O projeto lebensborn: Fabrica de bebês de Hitler

Governo de Hitler estimulou o nascimento de crianças consideradas de raça pura na Alemanha nazista

É muito comum você ver algumas pessoas falando sobre defesa da família tradicional brasileira para atacar uniões homoafetivas ou em outros tipos de debates. No entanto, estas mesmas pessoas se omitem, por exemplo, quanto a quantidade de crianças abandonadas pelos pais. Só em 2020 foram mais de 80 mil crianças que não tiveram o nome do pai no registro. Só que a hipocrisia do discurso não é exclusiva do Brasil atual. Na Alemanha nazista, que também, dizia ter como um dos pilares a família, teve um projeto que era basicamente uma Fábrica de bebês. 




Quase todo mundo sabe sobre o que Adolph Hitler pensava sobre raça pura. Algumas atrocidades como perseguição a pessoas de outras raças que não a ariana ou a pessoas com deficiências são mais comuns de serem ouvidas.

No entanto, o governo nazista teve um outro projeto muito absurdo e que saiu do papel. O projeto tinha o nome de A Fonte da Vida – Lebensborn. Tratava-se quase que uma fábrica de bebês.

O programa foi desenvolvido em 1935, por Heinrich Himmler, que era um líder militar e considerado o número 2 do Terceiro Reich, atrás apenas de Hitler.

Neste programa, as mulheres consideradas dentro dos padrões raciais eram encorajadas a terem relações sexuais com oficiais nazistas. E mesmo que alguém tente minimizar isso dizendo que elas não eram forçadas, embora isso também não seja algo que dê para afirmar. Estamos falando de um período em que era feita uma verdadeira lavagem cerebral no povo alemão de que eles tinham que servir ao país.

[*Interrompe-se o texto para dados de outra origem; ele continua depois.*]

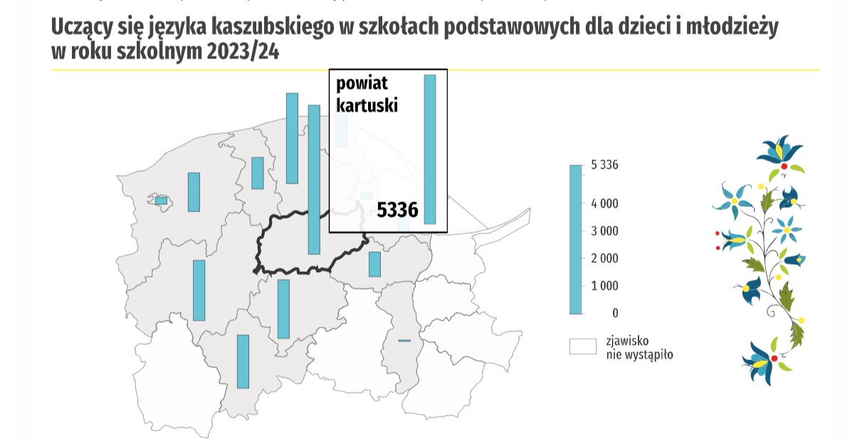 Z danych GUS wynika również, że powiat kartuski jest liderem, jeżeli chodzi o liczbę uczniów uczących się języka kaszubskiego. Na drugim miejscu jest pow. wejherowski, a na kolejnym bytowski.

Essas mulheres davam a luz em maternidades construídas para o programa. Depois os bebês eram entregues e criados pela organização nazista. Não existem dados precisos, pois muitas pessoas sequer foram registradas, mas diversas publicações apontam para mais de 8 mil nascimentos neste projeto entre 1936 e 1945.


Livro Mein Kampf – Adolf Hilter disponível


A partir de 1939, os nazistas passaram a sequestrar crianças de outras regiões que também atendessem aos ideais de raça da Alemanha. Estima-se que só da Polônia mais de 10 mil crianças foram retiradas dos pais ou de orfanatos. 

A situação fica ainda pior porque as crianças sequestradas que não cumpriam as condições de pureza eram levadas para os campos de concentração.

Esta ideia casava exatamente com outro programa, o da Juventude Hitlerista, que recebeu o nome em 1926. Com jovens entre 10 e 18 anos, que seguiam e representavam perfeitamente os ideais nazistas.